--- EXERCISE PROMPT ---
Among the records below, find the line that has "Ένα πολύ λιτό"; from there, give the lines again exactly, and stop after the line that has "Bound Basketball Jersey".

--- SUPPLIED RECORDS ---

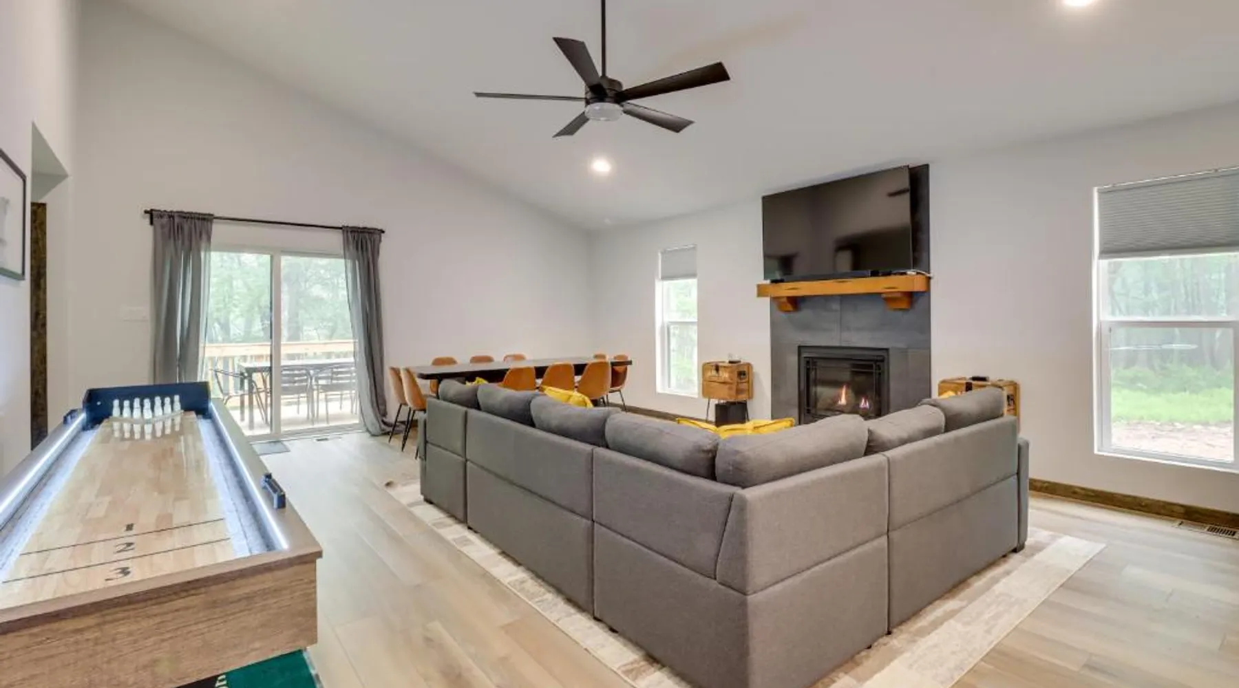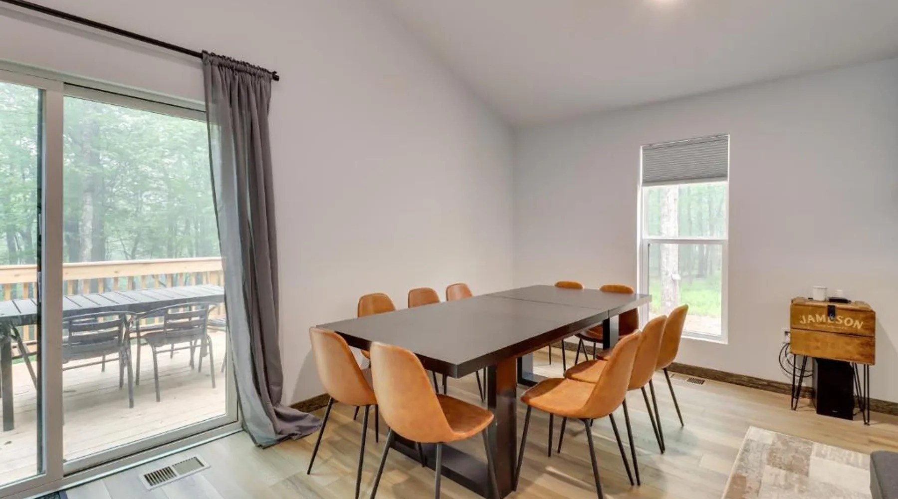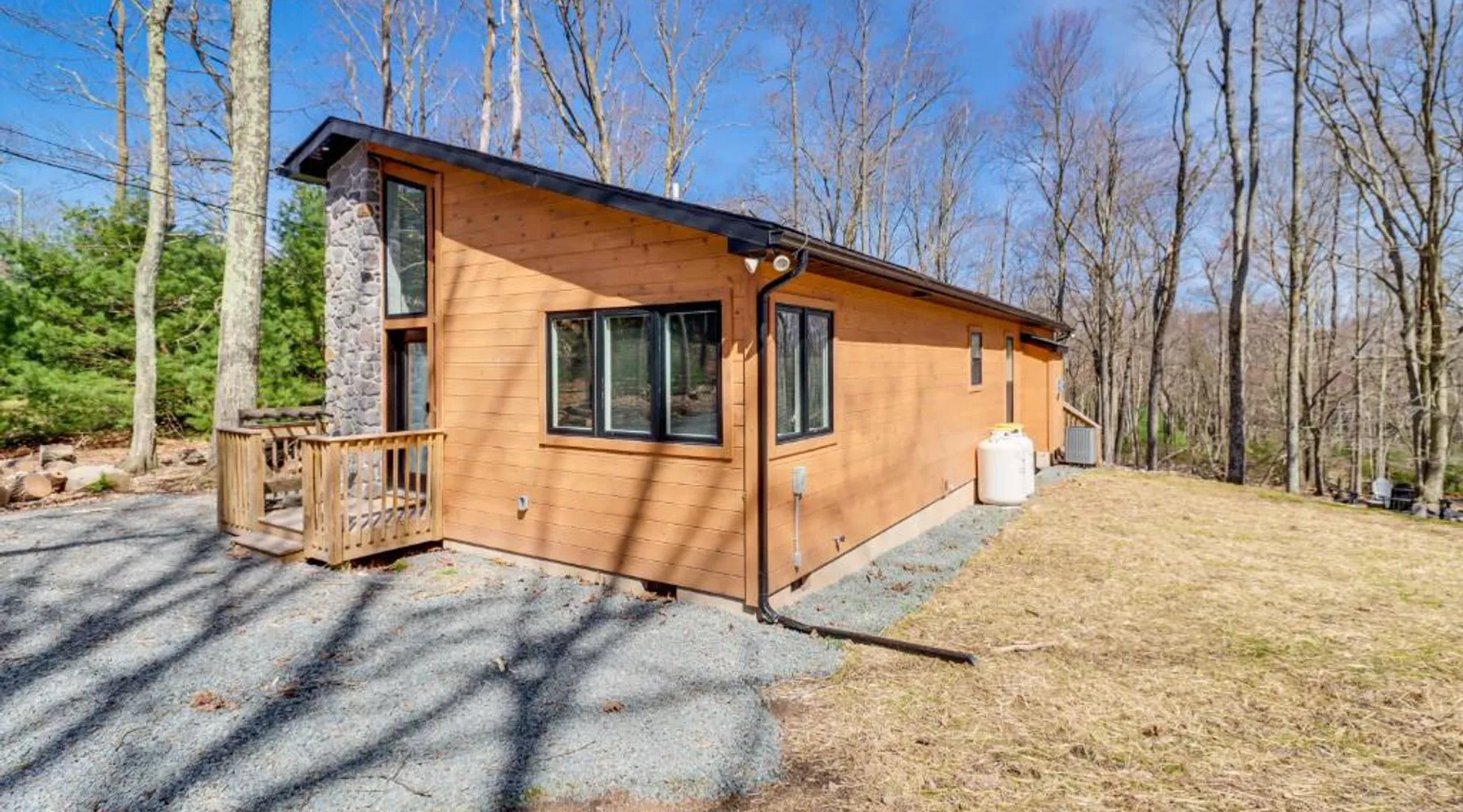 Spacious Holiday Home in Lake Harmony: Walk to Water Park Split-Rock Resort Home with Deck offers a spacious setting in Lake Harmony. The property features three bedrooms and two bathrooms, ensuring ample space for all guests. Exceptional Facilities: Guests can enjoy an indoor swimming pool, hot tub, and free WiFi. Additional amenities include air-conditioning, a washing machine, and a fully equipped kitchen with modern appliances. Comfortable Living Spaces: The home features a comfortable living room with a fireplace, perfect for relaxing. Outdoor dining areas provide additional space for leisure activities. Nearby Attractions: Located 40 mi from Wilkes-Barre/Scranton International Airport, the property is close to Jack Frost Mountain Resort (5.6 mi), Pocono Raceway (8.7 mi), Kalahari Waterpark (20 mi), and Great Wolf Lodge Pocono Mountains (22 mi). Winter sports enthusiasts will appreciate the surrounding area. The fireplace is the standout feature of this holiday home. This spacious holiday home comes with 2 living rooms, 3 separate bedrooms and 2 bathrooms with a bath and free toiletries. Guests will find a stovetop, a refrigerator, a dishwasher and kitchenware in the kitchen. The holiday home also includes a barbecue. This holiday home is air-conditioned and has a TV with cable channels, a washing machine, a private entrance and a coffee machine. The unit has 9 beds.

---

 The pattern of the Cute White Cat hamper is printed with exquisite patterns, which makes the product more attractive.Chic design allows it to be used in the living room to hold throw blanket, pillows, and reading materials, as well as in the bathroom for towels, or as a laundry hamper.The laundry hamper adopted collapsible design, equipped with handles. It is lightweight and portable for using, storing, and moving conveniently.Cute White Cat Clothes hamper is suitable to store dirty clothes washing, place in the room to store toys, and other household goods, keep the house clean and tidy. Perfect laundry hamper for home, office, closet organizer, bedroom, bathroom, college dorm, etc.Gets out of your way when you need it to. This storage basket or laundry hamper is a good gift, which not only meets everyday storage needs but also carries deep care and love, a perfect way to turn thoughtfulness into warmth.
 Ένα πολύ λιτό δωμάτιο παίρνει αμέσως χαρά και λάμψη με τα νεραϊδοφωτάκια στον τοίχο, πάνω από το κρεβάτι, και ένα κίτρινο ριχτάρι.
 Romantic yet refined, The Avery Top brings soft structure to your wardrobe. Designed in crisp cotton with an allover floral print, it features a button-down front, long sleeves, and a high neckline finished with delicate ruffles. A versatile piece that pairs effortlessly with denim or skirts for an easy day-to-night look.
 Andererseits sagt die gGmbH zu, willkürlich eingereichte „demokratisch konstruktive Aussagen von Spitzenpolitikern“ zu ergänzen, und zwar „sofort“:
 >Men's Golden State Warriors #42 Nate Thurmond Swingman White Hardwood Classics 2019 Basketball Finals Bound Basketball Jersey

--- RESPONSE TO THE EXERCISE ---
 Ένα πολύ λιτό δωμάτιο παίρνει αμέσως χαρά και λάμψη με τα νεραϊδοφωτάκια στον τοίχο, πάνω από το κρεβάτι, και ένα κίτρινο ριχτάρι.
 Romantic yet refined, The Avery Top brings soft structure to your wardrobe. Designed in crisp cotton with an allover floral print, it features a button-down front, long sleeves, and a high neckline finished with delicate ruffles. A versatile piece that pairs effortlessly with denim or skirts for an easy day-to-night look.
 Andererseits sagt die gGmbH zu, willkürlich eingereichte „demokratisch konstruktive Aussagen von Spitzenpolitikern“ zu ergänzen, und zwar „sofort“:
 >Men's Golden State Warriors #42 Nate Thurmond Swingman White Hardwood Classics 2019 Basketball Finals Bound Basketball Jersey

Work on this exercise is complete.